Aurantiochytrium limacinum is a heterotrophic eukaryotic microorganism that can accumulate high levels of commercial products such as astaxanthin and docosahexaenoic acid. Due to its rapid growth and relatively simple extraction method, A. limacinum is considered a promising astaxanthin resource to replace the conventional microalgal production. However, the astaxanthin biosynthetic process in A. limacinum remains incompletely understood, especially in those catalysed by ß-carotene hydroxylase (CrtZ) and ketolase. In this study, we overexpressed a crtZ candidate gene to increase astaxanthin production and expand our understanding of the conversion from beta-carotene to astaxanthin. The resultant transformant AlcrtZ#10 cultivated for 5 days showed a significant increase in astaxanthin production per culture (2.8-fold) and per cell (4.5-fold) compared with that of the wild-type strain. Strikingly, longer light exposure increased astaxanthin production and decreased the beta-carotene content in the wild-type strain, suggesting that light exposure duration is important for astaxanthin production in A. limacinum. Among several predicted intermediates, furthermore, the cantaxanthin produced from ß-carotene by ketolase activity were enhanced in the transformant AlcrtZ#10. Although the further investigation is needed, this result suggested that the main route of astaxanthin was via cantaxanthin. Thus, our findings will be valuable not only for its application, but also for understanding the astaxanthin biosynthetic process in A. limacinum.

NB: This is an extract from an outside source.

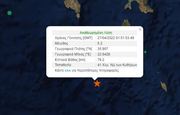 Σεισμική δόνηση 5,2 βαθμών της κλίμακας Ρίχτερ, που χαρακτηρίζεται «ισχυρή», σημειώθηκε λίγο πριν από τις 05:00 (στις 04:51) στον θαλάσσιο χώρο 41 χιλιόμετρα νοτιοδυτικά των Κυθήρων (249 χιλιόμετρα νότια-νοτιοδυτικά της Αθήνας), σύμφωνα με ανακοίνωση του Γεωδυναμικού Ινστιτούτου του Εθνικού Αστεροσκοπείου Αθηνών.
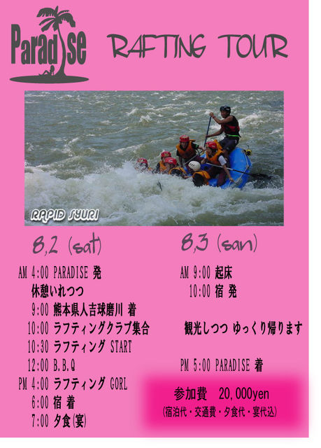 ラフティングにいくよ 8月2日(土) AM 4:00 PARADISE 発 休憩いれつつ 9:00 熊本県人吉球磨川 着 10:00 ラフティングクラブ集合 10:30 ラフティング START 12:00 B.B.Q PM 4:00 ラフティング GORL 6:00 宿 着 7:00 夕食(宴) 8月3日(日) AM 9:00 起床 10:00 宿 発 観光しつつ ゆっくり帰ります PM 5:00 PARADISE 着 参加費:20,000yen (宿泊代・夕食代・宴代込) 限定15名 多数の参加お待ちしております。

Transcriptional responses of Aurantiochytrium limacinum under light conditions.

AIMS: Astaxanthin-producing protist Aurantiochytrium limacinum can accumulate higher amounts of astaxanthin under light conditions; however, little is known about the impact of light exposure on its metabolism. Here, we investigated the transcriptional profile of A. limacinum under light conditions. METHODS AND RESULTS: Transcriptomic analyses revealed that 962 genes of A. limacinum showed a significant change in expression under light conditions, most of which (94.5%) were downregulated. Furthermore, gene ontology enrichment analysis indicated that A. limacinum mainly downregulated genes associated with cell motility, proliferation and gene expression processes, whose activities depend on ATP as an energy source. Additionally, the quantification of carotenoid and its transcripts suggested that ß-carotene and astaxanthin biosynthesis pathways were rate-limiting and tightly regulated steps, respectively. In comparison, these processes were enhanced under light conditions. CONCLUSIONS: Considering that astaxanthin accumulation was highly correlated with reactive oxygen species (ROS) levels in microalgae, our results suggest that A. limacinum reduces ATP consumption to decrease the occurrence of ROS in mitochondria while accumulating astaxanthin to prevent ROS damage. SIGNIFICANCE AND IMPACT OF STUDY: This study provides novel insights into the impact of light exposure on A. limacinum metabolism, thereby facilitating a complete understanding of this protist for efficient astaxanthin production.